Saturday, April 7th, 2007

DNA Search of Non-Violent Probationers Upheld

United States v. Amerson, Docket No. 05-1423-cr (2d Cir. Mar. 29, 2007) (Calabresi, Katzmann, B.D. Parker, C.JJ.): In this case, the Court upholds, against a Fourth Amendment challenge, the federal program of DNA testing, to which prisoners, those on supervised release, and probationers are subject, as applied to probationers convicted of non-violent crimes. On its face, such a program faces a Fourth Amendment obstacle, since it constitutes a search without any suspicion of wrongdoing, much less probable cause, a search that is ordinarily unreasonable. The Court follows its previous decisions in Roe v. Marcotte, 193 F.3d 72, and Nicholas v. Goord, 430 F.3d 652, in holding that the proper Fourth Amendment test to apply to such a case is the “special needs” test rather than a “reasonableness” test evaluated on the totality of the circumstances. That test, as applied by the Supreme Court, has required the existence of a “special need” for the search that was either not related to the “general interest in crime control” or, in one case, was questioning of the general public to find witnesses to a nearby crime, a procedure that was neither an intrusion on a suspect nor one to which the concept of “suspicion” logically applied. The Court finds a “special need” here, as it did in Marcotte and Nicholas, even though the purpose of the DNA search is principally to solve a crime committed by the person searched. The Court goes on to apply the second prong of the special needs test, balancing the Fourth Amendment intrusion against the governmental need. The Court finds the intrusion involved in a blood test to obtain and analyze the DNA quite “small,” given the nature of the intrusion itself and statutory limits on the DNA analysis and its dissemination and use. On the other hand, it finds the governmental interest in solving crime, and occasionally excluding a suspect, is “strong,” “compelling,” or “monumental.” Given this balance, it holds that the DNA testing and analysis does not offend the Fourth Amendment.

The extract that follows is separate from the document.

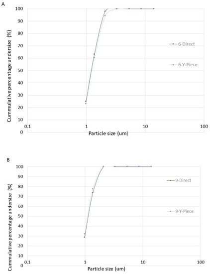 Plot of the logarithmic particle size against the cumulative percentage undersize for aerosols released by a large cannula when the nebulizer with Tee-piece was operated at 6 L/min (panel (A)) and 9 L/min (panel (B)) and connected to the humidifier directly or via Y-piece. Panel A = 6 L/min. Panel B = 9 L/min. 6-Direct = nebulizer operated at 6 L/min with the Tee-piece attached directly to the humidifier connected to circuit and large cannula. 6-Y-piece = nebulizer operated at 6 L/min with the Tee-piece attached to a Y-piece connected to the humidifier connected to circuit and large cannula. 9-Direct = nebulizer operated at 9 L/min with the Tee-piece attached directly to the humidifier connected to the circuit and large cannula. 9-Y-piece = nebulizer operated at 9 L/min with the Tee-piece attached to a Y-piece connected to the humidifier connected to circuit and large cannula.

There are a number of observations worth making concerning this holding. The most important is that it has no limit. The fact that the person from whom the DNA was taken was on probation plays almost no role in the constitutional analysis, and that analysis can be extended to anyone. The need to obtain identification of those who might commit crime is always great and the personal interest in avoiding a blood test or saliva swab small. The government, indeed, likens DNA tests to fingerprints, and some states require a fingerprint to obtain a driver’s license. The analysis in this opinion would logically permit DNA to be taken in those circumstances. This is not, moreover, a far-fetched result. Congress has recently extended the DNA program to require DNA searches “from individuals who are arrested, facing charges, or convicted, or from non-United States persons who are detained under the authority of the United States.” See Pub. L. No. 109-162 § 1004, 119 Stat. 2960 (2006) (codified at 42 U.S.C. § 14135a(a)(1)(A)). Indeed, there have been scholarly calls for universal DNA testing. The courts owe it to the public to adopt an analysis that indicates that it has some limit on such a clearly unacceptable result. It is a shame that there have not been more judges with the wisdom and courage of Judge Kozinski, who pointed out that this program created a “huge end run around the Fourth Amendment” since it was “hard to see how we can keep the database from expanding to include everybody.” United States v. Kincade, 379 F.3d 813, 872 (9th Cir. 2004) (Kozinski, J., dissenting).

The second observation is that the opinions on this subject, and perhaps the litigants themselves, ignore a salient aspect of the government’s program. The government, that is the FBI, retains the actual blood sample taken from the subject indefinitely, even after analysis of its DNA. This is not necessary to “identification” of the individual, and it opens the door to serious abuse, since it gives the government possession not only of identification material, but of material that identifies a person’s race, health status, congenital defects, or the like. The government has no need justified by the Fourth Amendment to retain these samples.

Finally, the nature of this subject leads the Circuit into some odd, and apparently illogical, conclusions. The basic one, that collecting DNA to solve crimes is not a “normal” law-enforcement function, and rather serves only some “special” need, springs from the odd distinction between collecting a person’s DNA because he is suspected (without probable cause) of having committed a crime now, and collecting his DNA now to use in identifying him in the future if he commits a crime (or if he is later suspected of a crime he has already committed); the rationale that makes the former search impermissible but the latter proper is hardly clear. Similarly, it is odd how the court in Amerson makes a virtue of suspicionless searches, whereas one might have thought they were the least favored sort of search. Thus, the court finds that one reason that the DNA search fulfills a “special” need is that it “does not involve any suggestion that the individual is being suspected of having committed a crime.” Normally, we would have thought, this would be a good reason for not permitting the search, not grounds for allowing it.

In any event, we expect that the growing governmental thirst for private information about its citizens will lead to more litigation of this kind. That litigation will call upon the courts to provide sounder constitutional analysis, greater wisdom, and more courage than they have provided to date.